Один день диверсанта - страница 8
Гозберг постоянно стрелял сигареты у «товарищей», зная, что обязательно отдаст долги после посещения магазина. А чтобы не было лишних вопросов, откуда у него есть деньги на счету, оперативной легендой служила квартира на Украине. Он сдаёт её в аренду, один раз в квартал ему перечисляют за неё деньги, плюс заработная плата, на это он и живёт в исправительном центре.
Гозберг заприметил Андрея Дмитриевича, курящего самокрутку, от которой распространялся вишнёвый аромат. Андрей Дмитриевич, по меркам исправительного центра, очень богатый исправленец. Он ходит на работу, но не работает, он так проводит время, чтобы веселее было сидеть. У него много своих шестёрок, которые ему прислуживают и заглядывают в рот, они же и доедают за ним, убирают, стирают, гладят, уносят и приносят. Кстати, эти же шестёрки, за одну самокрутку, набивают ему сигареты в машинке для самокруток, причём один к пятидесяти.
Гозберг, как бы невзначай, подошёл к Андрею Дмитриевичу и начал говорить о погоде. Сходу просить самокрутку не стал, чтобы не падать в цене, но краем глаза косился, плавно переходя от погоды к медсанчасти, от медсанчасти к магазину, в который не успел зайти. Андрей Дмитриевич равнодушно слушал этот рассказ и задумчиво кивал, так как Гозберг, в его понимании, был такой же шестёркой, как и все остальные.
А самокрутка всё тлела и тлела, Андрей Дмитриевич затягивался редко, больше для аромата, а не от тяги курить, да и при его деньгах, ему это ничего не стоило.
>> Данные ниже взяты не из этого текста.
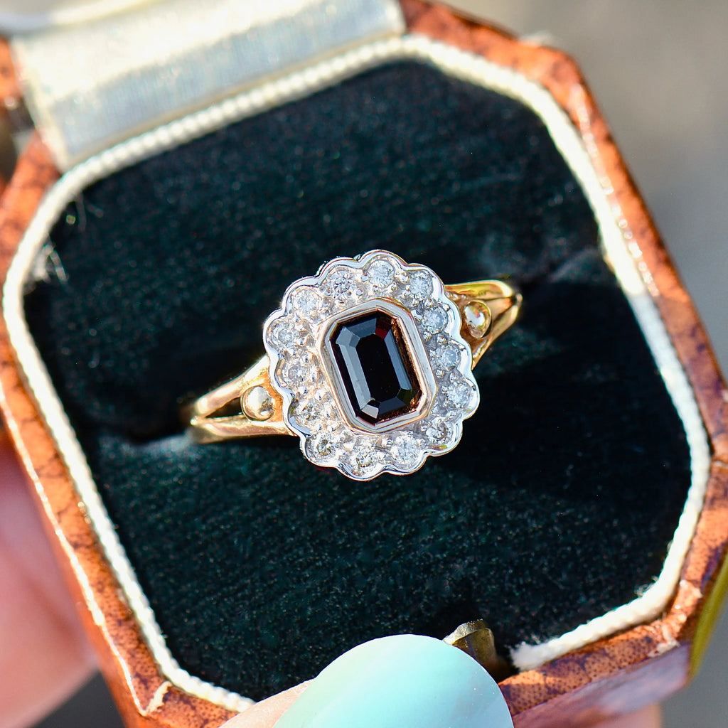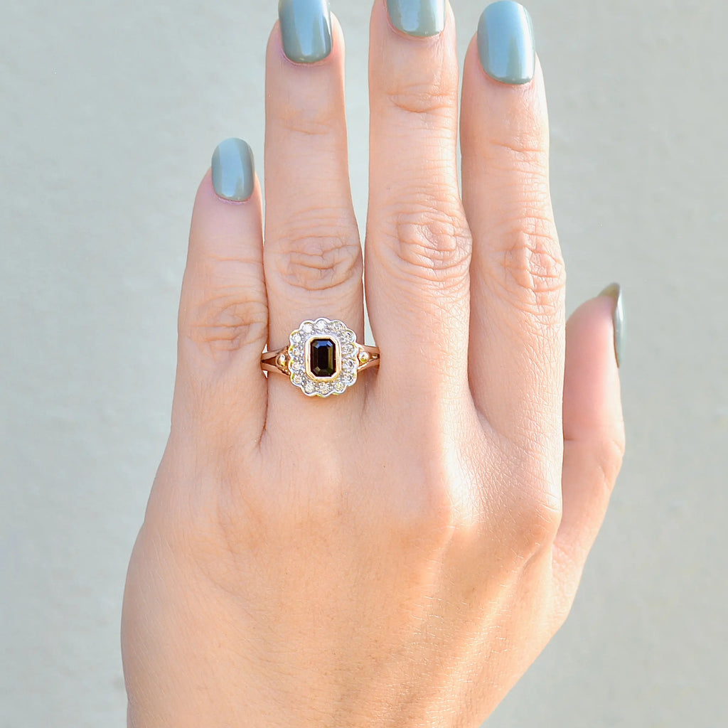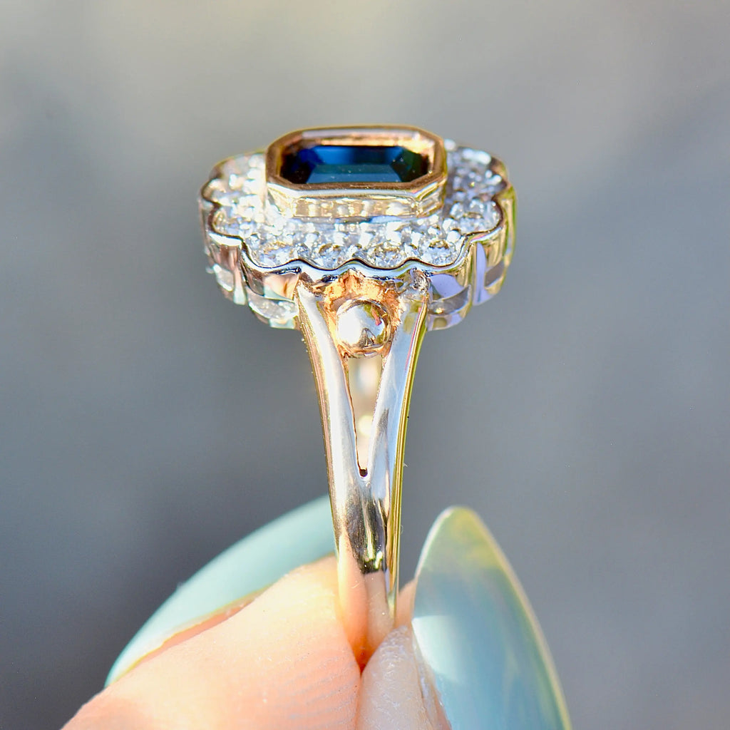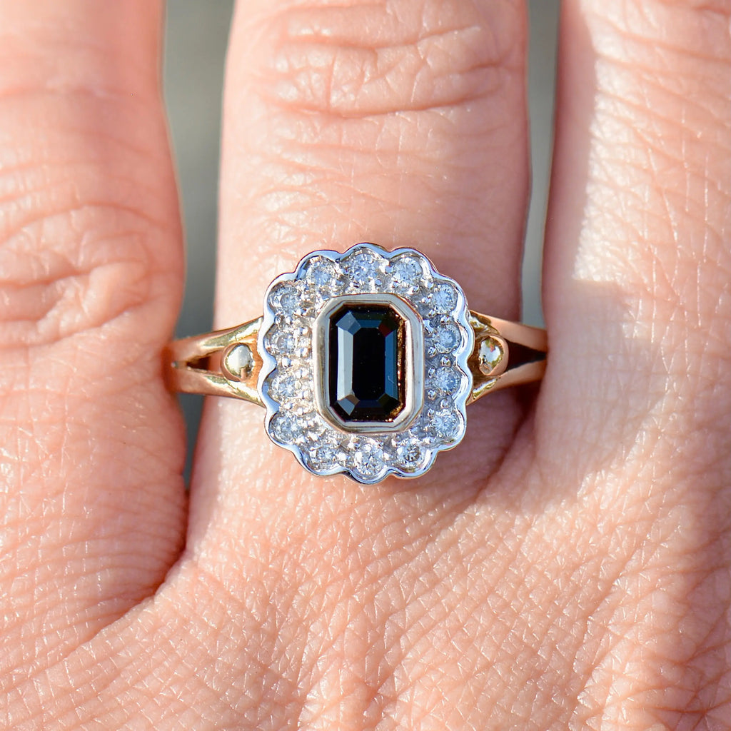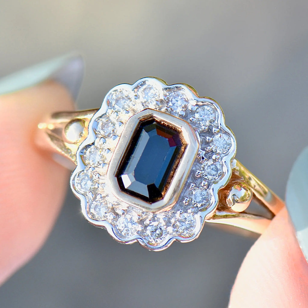 A timeless and elegant piece of vintage charm, this 9ct yellow gold cluster ring features a beautifully deep blue natural sapphire. Faceted in a classic emerald cut and securely bezel set, the sapphire displays a captivating inky blue tone that appears almost black in lower lighting.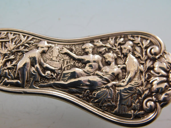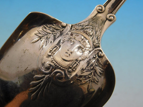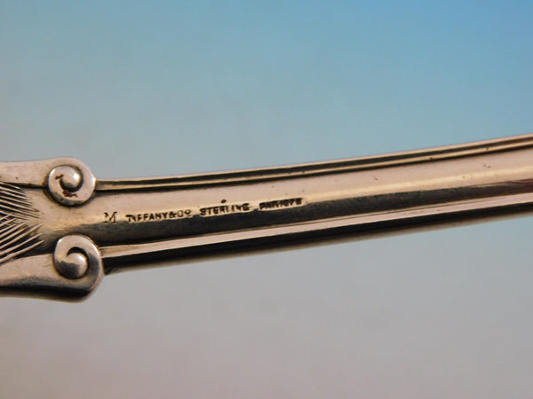 Stunning sterling silver Crumber measuring 11 5/8" in the pattern Olympian by Tiffany and Co. The handle of this piece features the third motif in this pattern, which is Paris, the son of Priam presenting to Venus the golden apple. This piece has a beautiful dolphin shaped serving area. It is monogrammed (see photo) and is in excellent condition.
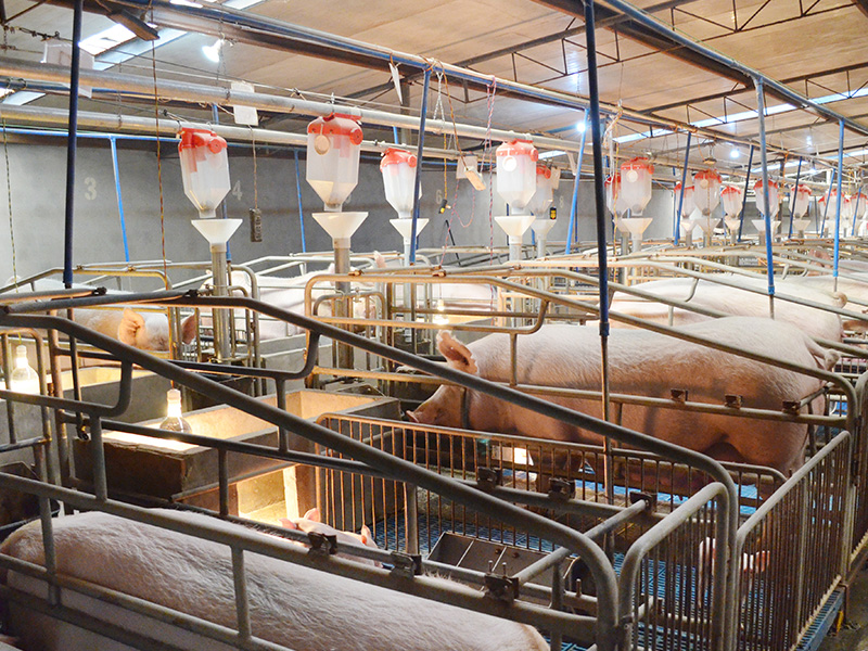 二場總建筑面積2.5萬平方米,養(yǎng)豬圈舍49棟共2萬平方米(其中:公豬舍3棟、妊娠舍7棟、分娩舍8棟、保育舍10棟、育肥舍20棟、后備種豬舍1棟,具備總存欄17000頭的能力,其中種公豬100頭、種母豬1500頭、仔豬5500頭、育成豬10000頭),配套辦公和倉庫等輔助設(shè)施用房5000平方米。養(yǎng)豬房舍采用封閉式、全漏糞的設(shè)計(jì)理念,配套安裝自動(dòng)化溫控設(shè)備49套、自動(dòng)供料設(shè)備46套,為豬只生長創(chuàng)造了更加優(yōu)良的生活環(huán)境,溫控和自動(dòng)供料設(shè)備總投資500余萬元。 二場于2012年直接從加拿大加裕種豬公司引進(jìn)長白、大約克和杜洛克SPF(無特定疫?。┰N豬300頭,單價(jià)15000元,通過空運(yùn)回國。二場能繁母豬存欄規(guī)模為1500頭,作為國家生豬產(chǎn)業(yè)技術(shù)體系樂山綜合試驗(yàn)站依托單位和國家生豬核心育種場,依托四川農(nóng)業(yè)大學(xué)李學(xué)偉教授科研團(tuán)隊(duì)嚴(yán)格按照國家生豬聯(lián)合育種工作要求堅(jiān)持不懈開展種豬育種,同時(shí),在加拿大加裕種豬公司育種專家的指導(dǎo)下進(jìn)行同步育種。專業(yè)從事外種豬純繁育種和二元雜母豬制種,年繁育優(yōu)質(zhì)長白、大約克、杜洛克純種豬和二元雜母豬1萬頭,配套生產(chǎn)優(yōu)質(zhì)商品肉豬3萬頭。從當(dāng)前中國養(yǎng)豬業(yè)格局看,生豬價(jià)格將長期維持在16元/公斤的水平,按照種豬均價(jià)3500元/頭,商品生豬1700元/頭的價(jià)格標(biāo)準(zhǔn)和種豬2000元/頭、商品肉豬500元/頭的利潤標(biāo)準(zhǔn),公司年可銷售種豬5000頭、商品肉豬25000頭,實(shí)現(xiàn)年銷售收入6000萬元,利潤2250萬元。 以“好品種帶產(chǎn)業(yè)發(fā)展,好產(chǎn)業(yè)促地方經(jīng)濟(jì)”的經(jīng)營理念,堅(jiān)持以科技為先導(dǎo),以產(chǎn)品質(zhì)量為生命,以繁育優(yōu)質(zhì)種豬為己任,致力于推動(dòng)地方生豬產(chǎn)業(yè)發(fā)展。 |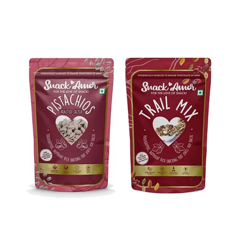 SnackAmor Combo Pack Of Premium Roasted Salted Pistachio And Trail Mix – 345 gm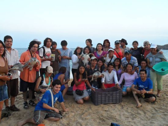 Abends konnte ich dann noch einem ganz besonderen Schauspiel beiwohnen. Mexikanische Studenten haben Schildkroeten aus der benachbarten Aufzuchtstation freigelassen.

И тут, этот урод Черноволин подходит и сразу к Андрею Дмитриевичу, ни здрасьте, ни до свидания, а сразу в лоб, конкурент хренов.
– Андрей Дмитриевич, отец родной, дай докурить.
– Держи. – сказал Андрей Дмитриевич и с барского плеча отдал половину самокрутки Черноволину.
– Благодарю, батя. – сказал Черноволин и сладостно затянулся.
Гозберг даже не заметил, как сам начал заглядывать в рот Черноволину. Его передёрнуло от злости, так как он столько времени был в ожидании этой самокрутки. Скорее даже не в ожидании, а в напряжении, так как очень сильно хотел курить, но ждал, когда Андрей Дмитриевич сам ему предложит.
– Что Солохон Абрамович, подрезал тебя на повороте Черноволин? – спросил Андрей Дмитриевич.
– Вас Андрей Дмитриевич не проведёшь, глаз у Вас, как алмаз, хорошо намётан.
– Ладно, держи сигарету, а то стоишь тут, как попрошайка глухонемая, в рот заглядываешь.
Андрей Дмитриевич достал из портсигара тугую самокрутку и небрежно дал её Гозбергу. Андрею Дмитриевичу не жалко было самокрутки, он терпеть не мог, когда попрошайки жмутся с ноги на ногу, глядят жалобными и тоскливыми глазами, но вслух ничего не просят. Для Андрея Дмитриевича этот жест был скорее милостынею, чем угощением ради уважения.
Гозберг даже от радости встрепенулся и полу кланяясь, со словами благодарности, аккуратно, чтобы не уронить, взял самокрутку с вишнёвым вкусом. Гозберг, конечно, не брезговал докуривать и слюнявые окурки Андрея Дмитриевича, но сейчас ему неожиданно повезло, и он даже простил Черноволина. Он подкурил самокрутку и жадно затянулся, вишнёвый дым разошёлся по всему телу и у Гозберга закружилась голова. Он так сильно хотел курить после очень плотного завтрака, и его мечта сбылась.
Пока Гозберг курил, по бригадам, от КПП до 58-й, дошёл слух, что обыскивают по полной программе, некоторых даже до трусов раздевают. Гозберг этому удивлён не был, но часть исправленцев, особенно духовитых таскать запреты, медленно, старясь не заметно, начала подходить к сугробам и скидывать запрещённые предметы.